> DATA TO EXAMINE

=======

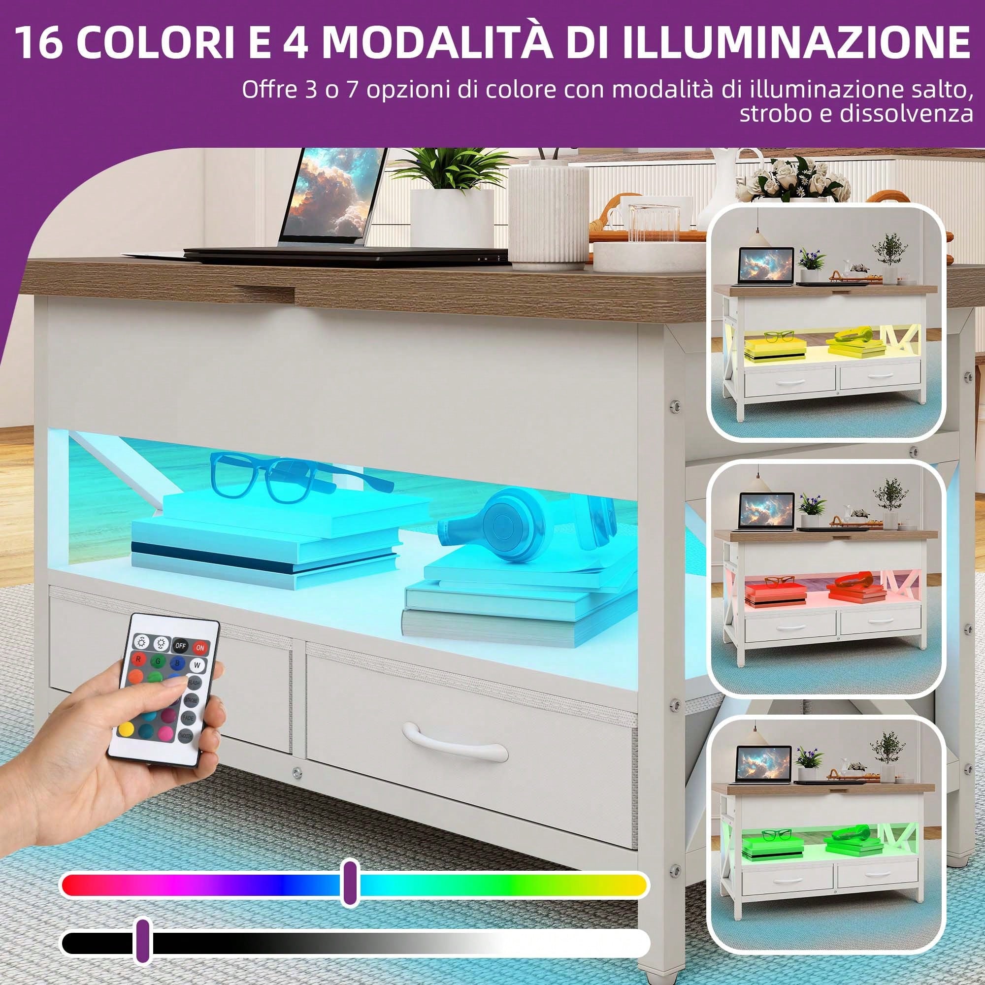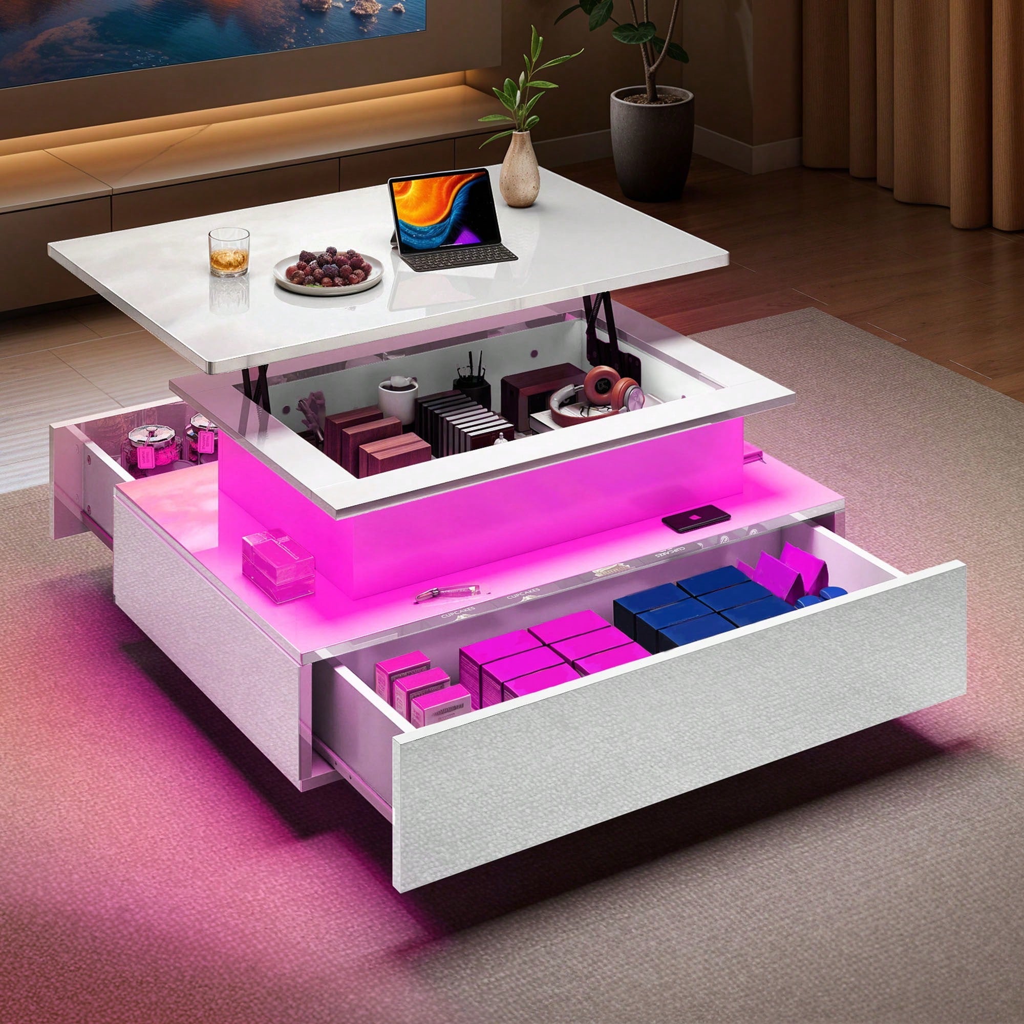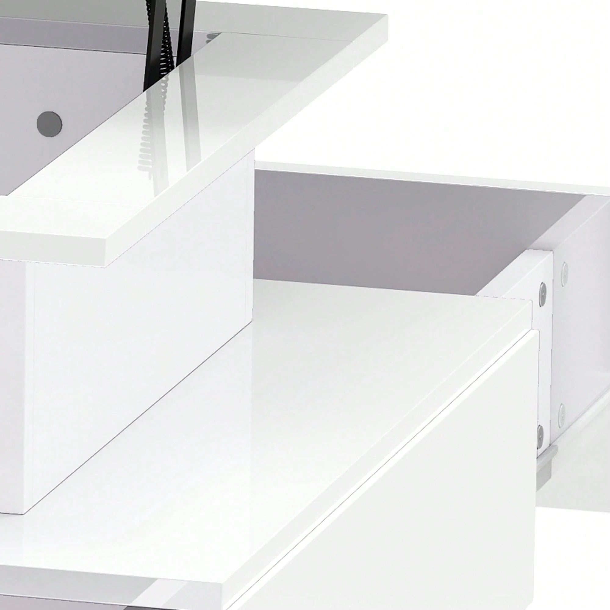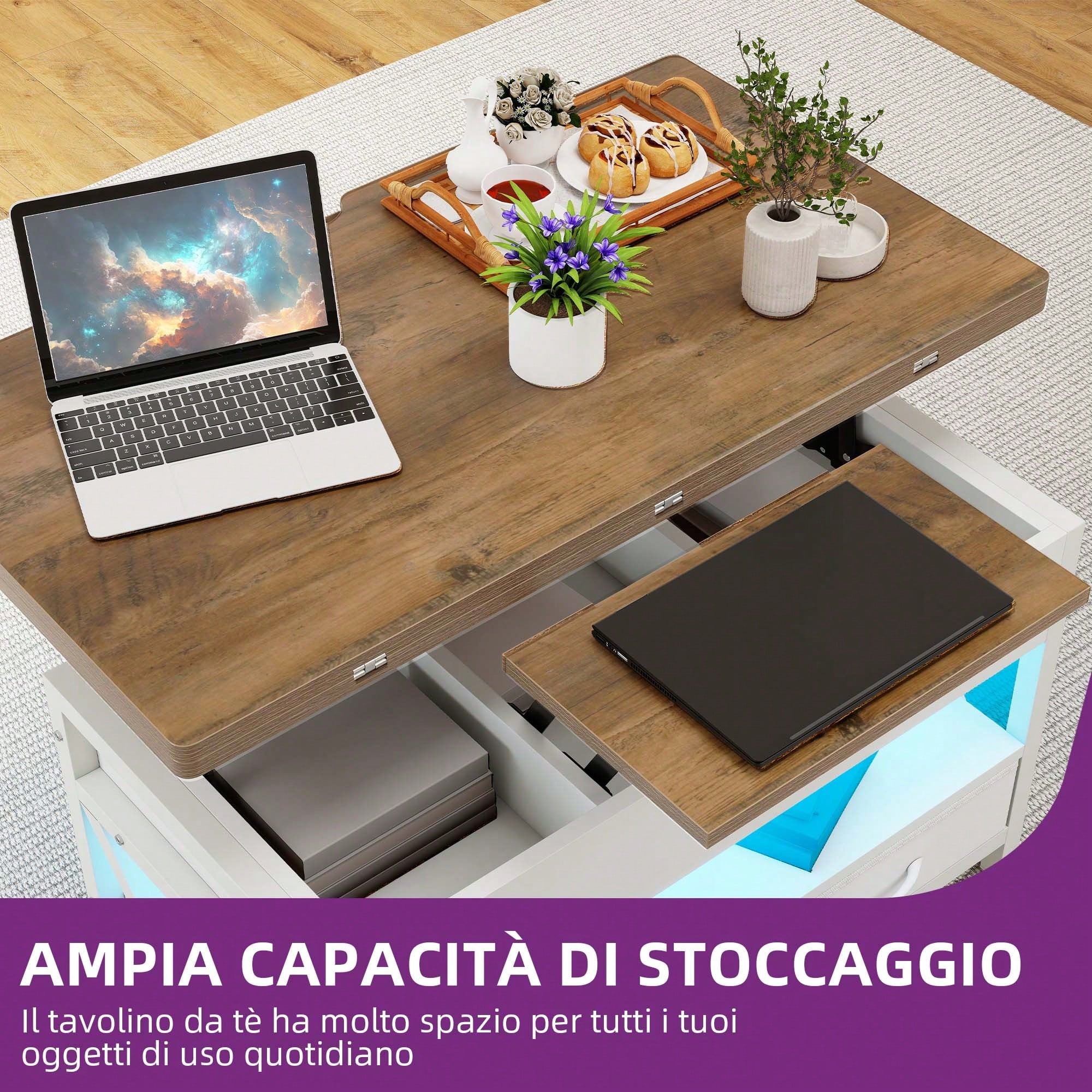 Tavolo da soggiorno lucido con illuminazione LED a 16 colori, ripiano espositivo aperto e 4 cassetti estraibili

=======

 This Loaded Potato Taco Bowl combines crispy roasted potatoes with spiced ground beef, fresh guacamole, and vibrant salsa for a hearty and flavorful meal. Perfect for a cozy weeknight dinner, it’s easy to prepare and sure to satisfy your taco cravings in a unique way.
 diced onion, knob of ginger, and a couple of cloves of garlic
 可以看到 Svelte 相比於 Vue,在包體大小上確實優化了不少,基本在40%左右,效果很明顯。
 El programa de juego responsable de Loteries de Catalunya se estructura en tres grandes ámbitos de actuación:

=======

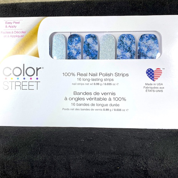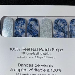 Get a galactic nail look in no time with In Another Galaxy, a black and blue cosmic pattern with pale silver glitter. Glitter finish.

=======

> YOUR TASK
Precisely the lines between those holding "diced onion, knob" and "El programa de", inclusive, are to be reproduced from the listing above, with nothing added.

> WRITTEN SOLUTION
 diced onion, knob of ginger, and a couple of cloves of garlic
 可以看到 Svelte 相比於 Vue,在包體大小上確實優化了不少,基本在40%左右,效果很明顯。
 El programa de juego responsable de Loteries de Catalunya se estructura en tres grandes ámbitos de actuación:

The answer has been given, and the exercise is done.